# Assignment
With the pictures omitted, print exactly the lines below, from the one containing "ปล่อยตัวแล้ว 18 ทหารกัมพูชา" through the one containing "[ยกกล่อง=6ซอง]PoshMedica Appleไซเดอร์ พอช", and nothing else.
[[ Material for this task, beginning ]]
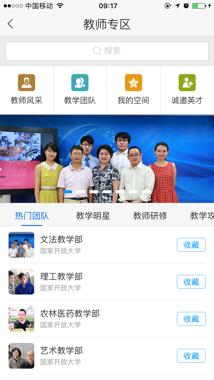 主栏目模块有教师风采、教学团队、我的空间、诚邀英才等。
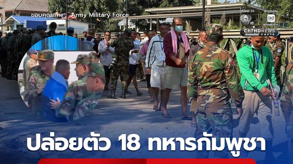 ปล่อยตัวแล้ว 18 ทหารกัมพูชา ส่งตัวกลับทางด่านไพลิน ตรงข้ามด่านบ้านผักกาด จ.จันทบุรี
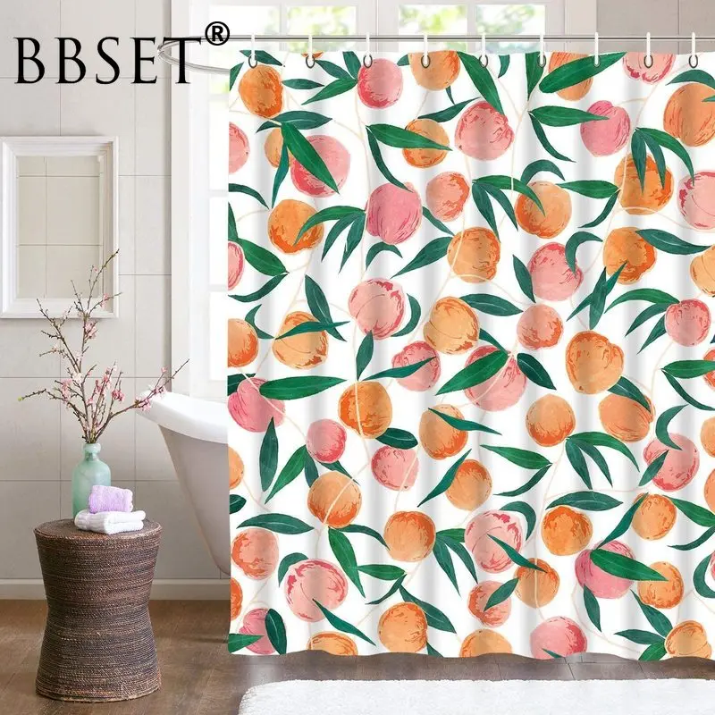 Высококачественная Водонепроницаемая занавеска для душа с мультяшным рисунком фруктов и персиков, многоразмерная занавеска для ванной комнаты с 12 крючками
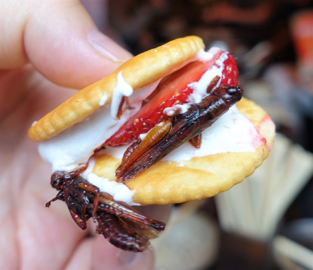 イチゴとイナゴのマシュマロビスケット(春苺とマシュマロから虫がこんにちは)
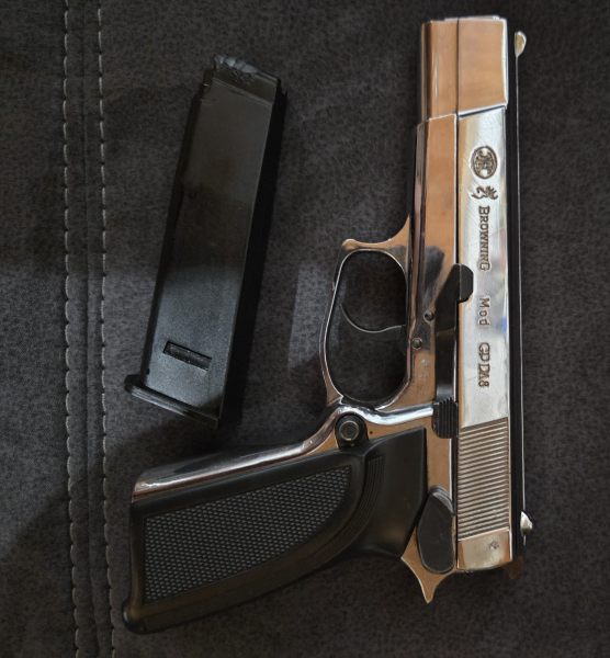 Ausführung: verchromt mit Kunststoffgriffschalen, Schlittenfang
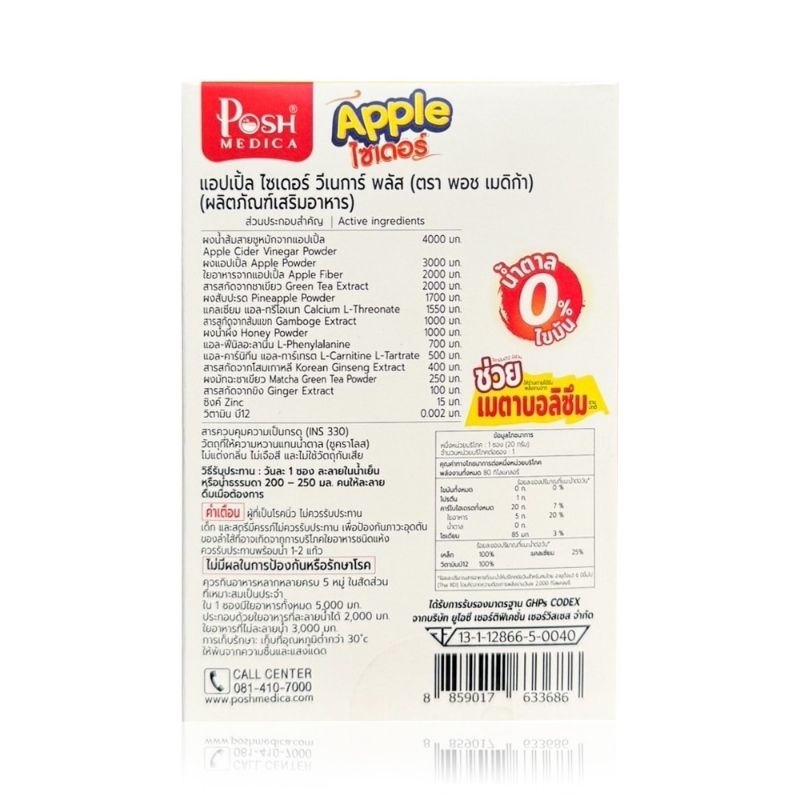 [ยกกล่อง=6ซอง]PoshMedica Appleไซเดอร์ พอช แอปเปิ้ลไซเดอร์วีเนการ์พลัส
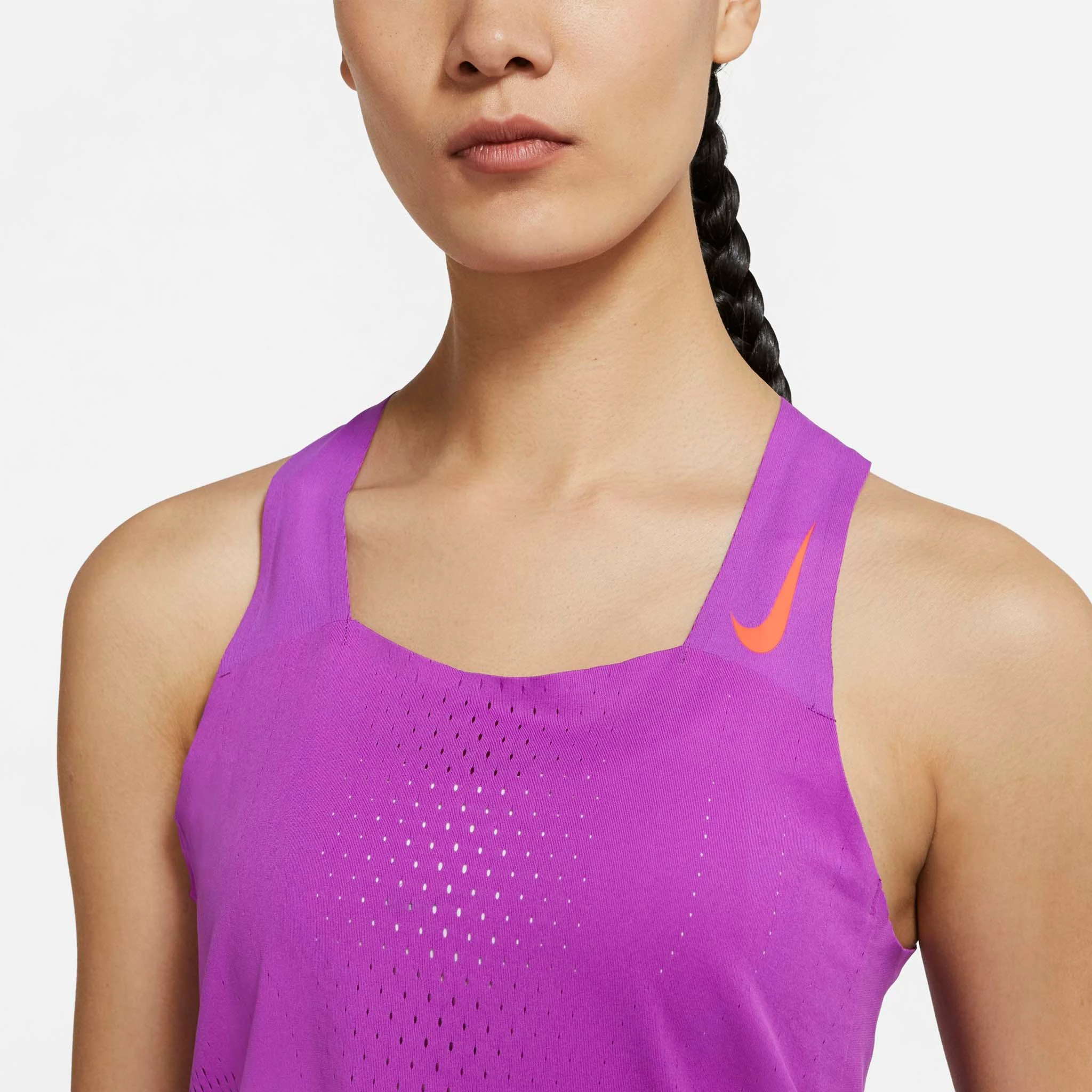 Nike Aeroswift technology integrates innovative features and materials with a precision fit. This delivers exceptional mobility and lightweight comfort to help you perform at your best. The knit fabric combines with mesh for optimal cooling, while additional sweat-wicking technology helps you to stay dry and comfortable. The racerback design of the singlet also allows you to move freely without distractions.
[[ Material for this task, end ]]
# Exercise result
 ปล่อยตัวแล้ว 18 ทหารกัมพูชา ส่งตัวกลับทางด่านไพลิน ตรงข้ามด่านบ้านผักกาด จ.จันทบุรี
 Высококачественная Водонепроницаемая занавеска для душа с мультяшным рисунком фруктов и персиков, многоразмерная занавеска для ванной комнаты с 12 крючками
 イチゴとイナゴのマシュマロビスケット(春苺とマシュマロから虫がこんにちは)
 Ausführung: verchromt mit Kunststoffgriffschalen, Schlittenfang
 [ยกกล่อง=6ซอง]PoshMedica Appleไซเดอร์ พอช แอปเปิ้ลไซเดอร์วีเนการ์พลัส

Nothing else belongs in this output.